Time Factory Publishing, better known
for churning out about 3 million calendars annually for NASCAR and other big nameplates, is launching Pikcal.com [pronounced
pickle, as in the vegetable].

Visitors can upload personal photos to the site for storage and viewing by friends
free of charge. They can also transfer them to personal networking sites such as Facebook.

Jim Purcell,
Time Factory founder and CEO

As with the established competition, Pikcal.com wants
users ultimately to pay it money to have those images put on custom-made posters, personalized calendars,
greeting cards, school supplies and in photo books.

So what’s Pikcal’s claim to fame in
an increasingly crowded market for photo sharing sites?

Chiefly, it’s that users can access and put into
their personal creations professionally licensed images from NASCAR, Getty Images, Ford Motor Co. and country-living image
site Susan Branch. Time Factory is tapping its relationship with those organizations, with which it’s worked for years
in publishing calendars and other merchandise.

So a racing fan, for example, could order a calendar or greeting
card sporting photos he took at the track—supplemented by shots taken at the same race by a professional photographer.

A teenager could make a notebook with his favorite Mustang on the cover. Or a family calendar could include photos
of one’s children intermingled with images of similarly behaving primates from the Getty collection.

The
Pikcal site has been designed to make it easier than competitors’ sites to transfer one’s
images to increasingly popular social networking/social expression sites, said Jim Purcell, founder and
CEO of Time Factory.

 “Pikcal eventually, hopefully, will be a global brand,” said
Purcell.

Other than Web sites as an extension of conventional brick-and-mortar retailers, Central Indiana has relatively
little in the way of Web companies directly targeting consumers. Among the more notable ones are Scott Jones’ ChaCha
mobile search engine and locally based First Internet Bank.

Rather, the region’s IT forte is more in business-to-business
tools via the Web or software.

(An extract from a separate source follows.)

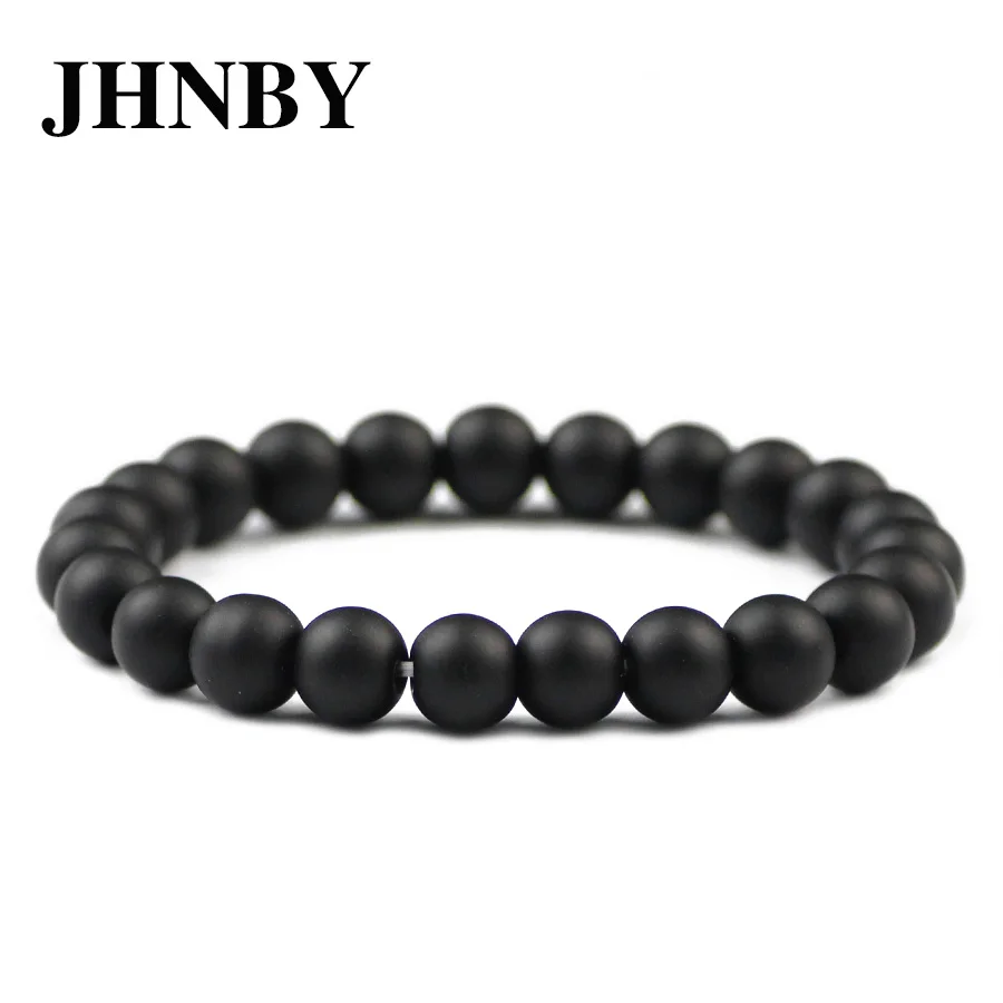 Promo JHNBY Matte Black Charm Stone Beads Bracelet For Women 6/8/10/12MM Braided/Elastic Rope Men Bangle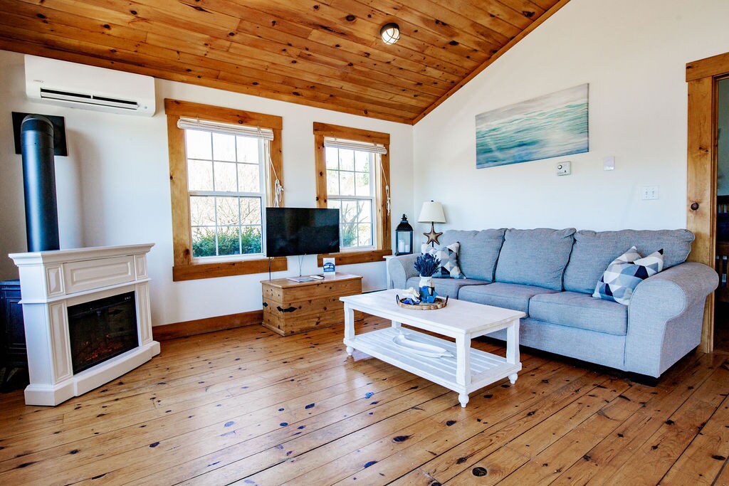 Escape to a charming, one-of-a-kind, nature retreat with NO CLEANING FEE! Boasting breathtaking tidal lake views, you will stay in a private suite in our home with its own separate entrance, soundproof ceiling, king bed, full bath, kitchenette, & AC. Unwind in the private hot tub & peaceful surroundings. Featuring a manmade beach, waterside patio with BBQ & fire pit. Next to the Rails to Trails & close to 7 beaches. Laundromat 7min away. -Cot available for 3rd guest -No Pets -No kids under 12

Jim Jay, president of the technology trade group Techpoint, said he recently tallied up nearly
70 such companies.

“It’s nice to see an Indiana company seek to compete in this digital marketplace,”
said Michael Holmes, associate director of insight and research at Ball State University. “Every company that gets added
to the mix helps with the critical mass” here.

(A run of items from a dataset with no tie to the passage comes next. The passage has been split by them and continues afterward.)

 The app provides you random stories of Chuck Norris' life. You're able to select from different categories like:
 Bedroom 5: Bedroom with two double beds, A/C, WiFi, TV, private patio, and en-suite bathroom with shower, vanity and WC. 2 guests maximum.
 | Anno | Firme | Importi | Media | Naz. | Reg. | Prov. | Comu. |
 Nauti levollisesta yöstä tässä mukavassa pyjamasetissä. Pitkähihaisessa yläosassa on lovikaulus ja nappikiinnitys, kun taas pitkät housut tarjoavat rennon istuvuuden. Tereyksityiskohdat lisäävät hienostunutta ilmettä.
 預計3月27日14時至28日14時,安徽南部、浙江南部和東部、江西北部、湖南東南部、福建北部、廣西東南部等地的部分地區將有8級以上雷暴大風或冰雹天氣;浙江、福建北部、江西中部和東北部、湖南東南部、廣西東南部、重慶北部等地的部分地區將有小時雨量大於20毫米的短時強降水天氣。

Arguably, Pikcal is an extension of Time Factory’s
online retailing except that it also seizes on the fast-growing social networking segment. “It’s that personalization
that the Web enables you to do,” said Jay.

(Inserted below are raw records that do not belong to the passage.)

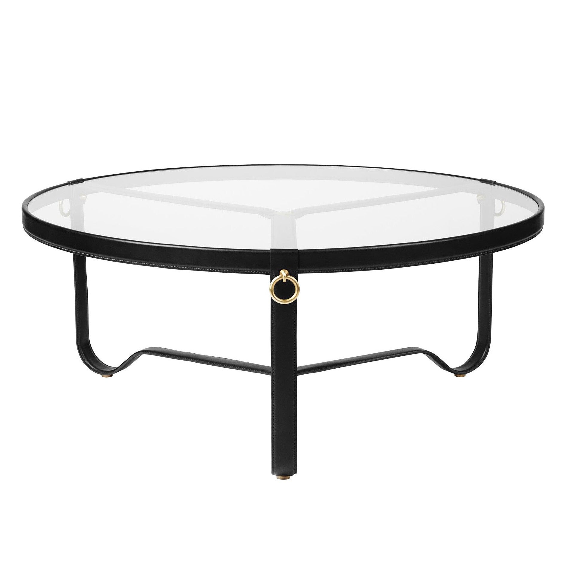 Ausführungen: Adnet Couchtisch Ø 100cm / schwarz/Tischplatte Glas/H x Ø 43x100cm/Gestell Leder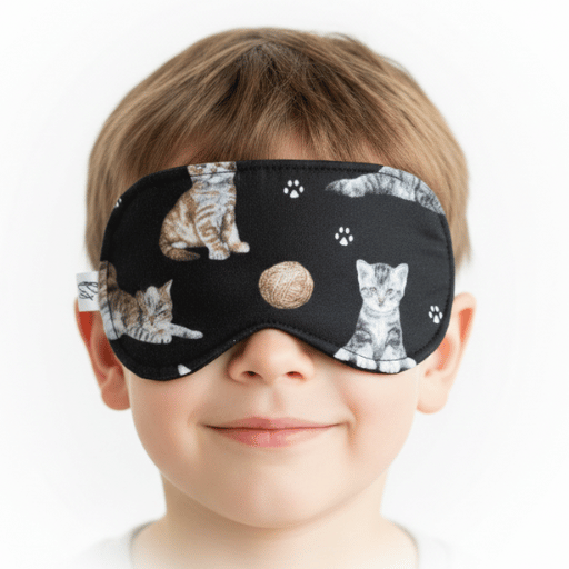 Dziecięca opaska do spania komfortowa drzemka 100 % bawełna – koty na czarnym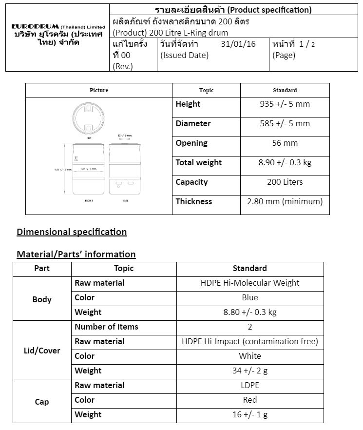 ขนาด 200 ลิตร (ชนิดเปิดปาก)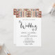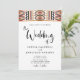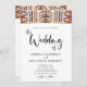 All in One with Details African Motif Modern Calligraphy Wedding Invitation... Our colourful "All in One" African motif wedding invitation features modern black calligraphy script combined with elegant serif typography bordered on top by a dramatic brick red, burnt orange, and black tribal design. The BACK of the invitation contains all of the DETAILS you would typically see on separate cards in the wedding packet, including reception time and venue, accommodation options, wedding website, RSVP and gift registry information. This modern style wedding invitation was designed to be both elegant and budget conscious... not to mention time-saving. All example text (aside from the graphic calligraphy elements) can be easily revised with your own information on the personalization template.

Purcell is keeping his revenue projections close to the vest for
now.

As for his investment in the site, Purcell said it’s internal but is hard to quantify because costs
have been minimized by reallocating his Time Factory staff to development. He will be getting a big bill from four of five
European programmers who’ve been working on the site since February, but he wouldn’t divulge how much is owed.

The official launch was geared to the July 26 running of the Brickyard 400 at Indianapolis Motor Speedway, where
Purcell’s team planned a promotional blitz.

Other than that, marketing is largely left to word-of-mouth.
“We’re a small Indiana company. We are depending on word-of-mouth” as people use the site, he said.

“I think kids are going to be the lead on this. And NASCAR fans. They’ve never had this kind of access to professional
photography. This wasn’t even possible six months ago.”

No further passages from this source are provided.